A simple wrapper to run inference.

  1. Initialize algorithm via initialize.
  2. (Optional) Build a TensorFlow summary writer for TensorBoard.
  3. (Optional) Initialize TensorFlow variables.
  4. (Optional) Start queue runners.
  5. Run update for self.n_iter iterations.
  6. While running, print_progress.
  7. Finalize algorithm via finalize.
  8. (Optional) Stop queue runners.

To customize the way inference is run, run these steps individually.

Args:

  • variables: list. A list of TensorFlow variables to initialize during inference. Default is to initialize all variables (this includes reinitializing variables that were already initialized). To avoid initializing any variables, pass in an empty list.
  • use_coordinator: bool. Whether to start and stop queue runners during inference using a TensorFlow coordinator. For example, queue runners are necessary for batch training with file readers. *args, **kwargs: Passed into initialize.

update

update(feed_dict=None)

Run one iteration of sampling.

Args:

  • feed_dict: dict. Feed dictionary for a TensorFlow session run. It is used to feed placeholders that are not fed during initialization.

Returns:

dict. Dictionary of algorithm-specific information. In this case, the acceptance rate of samples since (and including) this iteration.

Notes

We run the increment of t separately from other ops. Whether the others op run with the t before incrementing or after incrementing depends on which is run faster in the TensorFlow graph. Running it separately forces a consistent behavior.
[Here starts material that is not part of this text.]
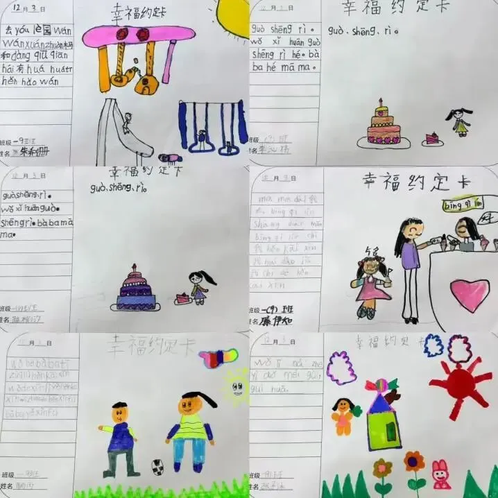 3.动手与创作能力提升:完成幸福捕捉袋、表情卡、约定卡、感谢卡、幸福锦囊等各类作品,学生的绘画、手工、文字表达(拼音+简单汉字)能力得到锻炼,审美与创造意识显著提升。

Hastings, W. K. (1970). Monte Carlo sampling methods using Markov chains and their applications. Biometrika, 57(1), 97–109.

Metropolis, N., Rosenbluth, A. W., Rosenbluth, M. N., Teller, A. H., & Teller, E. (1953). Equation of state calculations by fast computing machines. The Journal of Chemical Physics, 21(6), 1087–1092.